Battle of the British Twins: Triumph Bonneville vs. BSA Lightning
In the mid 1960s, two of the fastest bikes on the road were British
Bold, British and beautiful, the BSA Lightning and T120 Bonneville go head to head.
Photos by Robert Smith
In the mid 1960s, two of the fastest bikes on the road were British: the Triumph Bonneville and the BSA Lightning. Both were 650cc parallel twins, but in design and execution they were very different machines. So which was the better bike?
1967The harsh fluorescent lights of London’s Ace Café cast an eerie glow over a line of parked motorcycles, picking out patches of chrome and polished alloy. Though the Ace has seen its best days, it’s still a destination for “rockers,” the neon sign still a beacon over the North Circular Road, the jukebox still booming out Eddie Cochran and the thick, brown tea still served in cracked white mugs.
Mike “The Bike” Dickens swings his Triumph Bonneville into the parking lot as “Big Dave” Woolley is climbing off his BSA Lightning, engine ticking as it cools in the night air. Each 650cc bike is its maker’s flagship: the Meriden-built Bonneville is top dog in production racing and the BSA from Small Heath, Birmingham, powers race-winning sidecar outfits. Dickens catches Woolley’s eye. They know what they have to do.
Woolley prods the BSA back into life, crunches into first and swings around alongside Dickens. They stare briefly at each other, rev their engines and rip out onto the black tarmac of the “Norf Circ.” The Bonneville’s torque pulls it into a short lead, but the BSA’s freer-revving motor brings it alongside as Dickens snicks the Triumph into second. They trade wheel lengths through the gears, the BSA inching ahead as its revs build in fourth gear.
The Neasden traffic circle looms ahead. Woolley drops the Lightning through third into second, swings left into the circle, then guns the BSA back onto the straightaway. Dickens takes a tighter line and carries more speed into the turn, pulling alongside as they exit the circle. In the distance is the notorious Iron Bridge and its wicked, humped curve. It’s claimed the lives of many café racers, but Woolley and Dickens are oblivious to the danger, both hunched over their respective gas tanks, throttles wide open. May the best man win.
Well, it could have happened like that. Woolley certainly lived in London then, and he owned a BSA. Dickens, though, would have had to fly in from Canada for the hypothetical race, but he would have gladly been on the Triumph. They’re both riding together today, however, cruising the back roads of Surrey, British Columbia, for our modern-day road test comparing these signature bikes from BSA and Triumph.

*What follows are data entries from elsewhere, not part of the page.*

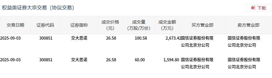 9月3日,交大思诺大宗交易成交160.58万股,成交额4268.22万元,占当日总成交额的55.77%,成交价26.58元,较市场收盘价26.78元折价0.75%。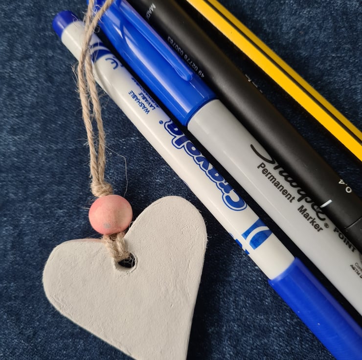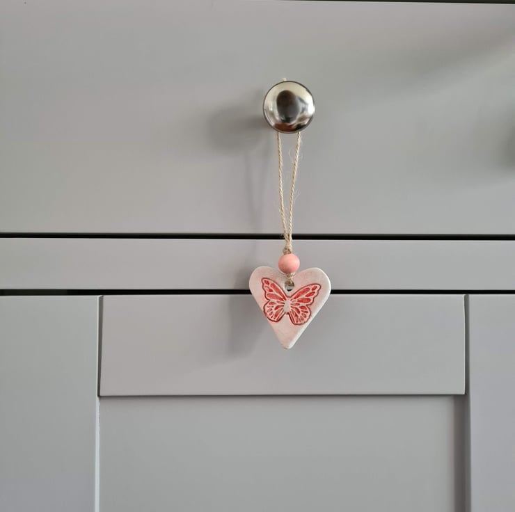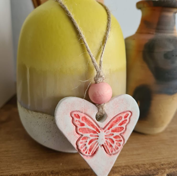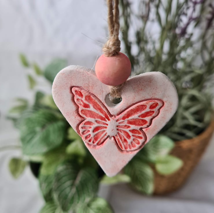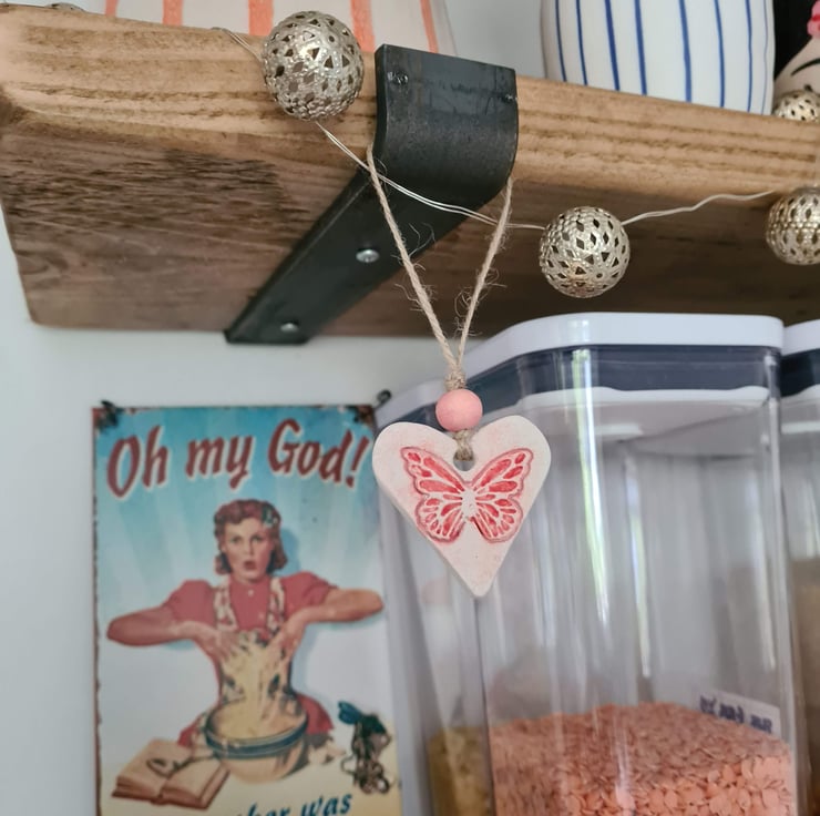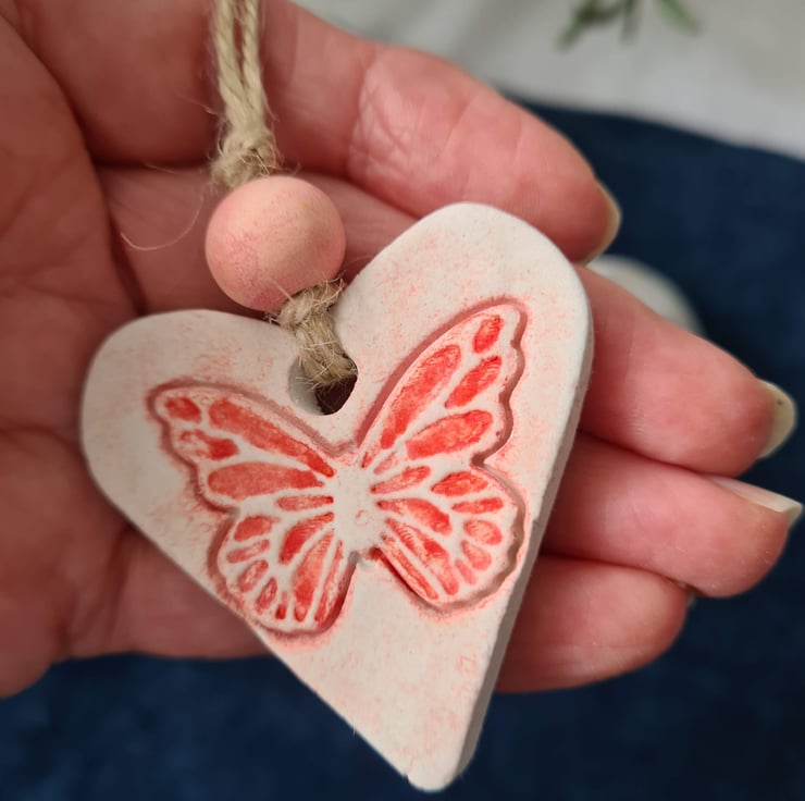 This pretty heart shape butterfly hanging decoration is made from air-drying clay, which I have embossed with a pretty butterfly design. I've painted the decoration in a red colour before varnishing and finishing with jute string and a matching bead.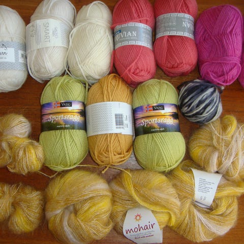 4,6 kg 80 % uld 20 % polyester. strikkes på pind 4-5 kender ikke løbelængden, sælges samlet for 450 kr kan hentes i Odense eller sendes for 55 kr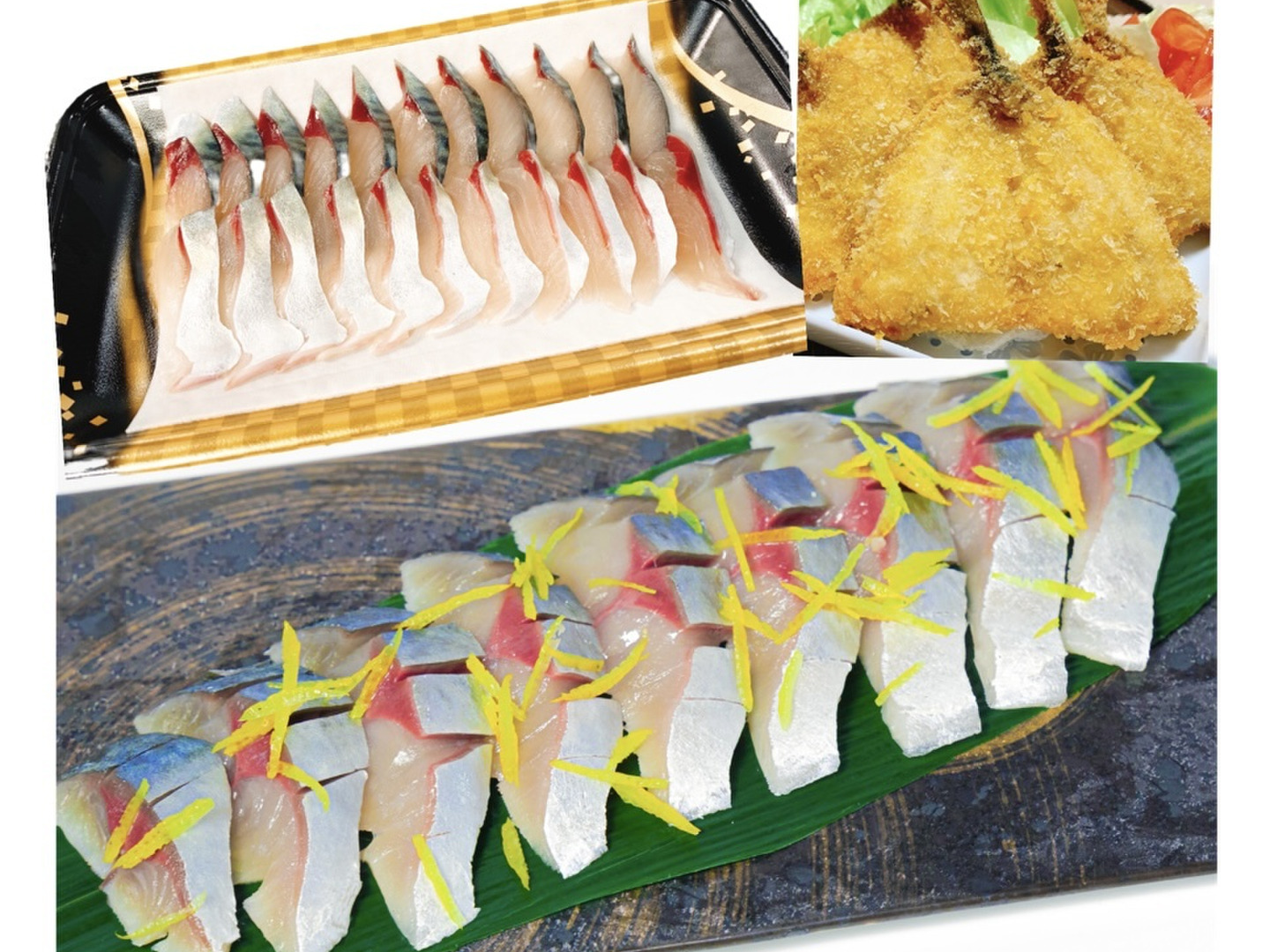 長崎ハーブ鯖刺身1パック・柚子しめ鯖1パック・アジフライ1パック

The bikesAlthough BSA and Triumph were competing brands, in 1951 both makers became part of one company when Triumph owner Jack Sangster sold his company to the BSA Group. BSA was by far the bigger company, involved in auto manufacturing, machine tools and numerous other engineering activities. But the Triumph division’s abrasive managing director Edward Turner managed to keep the BSA influence to a minimum until he retired in 1964. They were maintained as distinct brands, and until the late 1960s, each division’s machines were discrete designs sharing few components, built in different factories, and sold through separate dealer networks.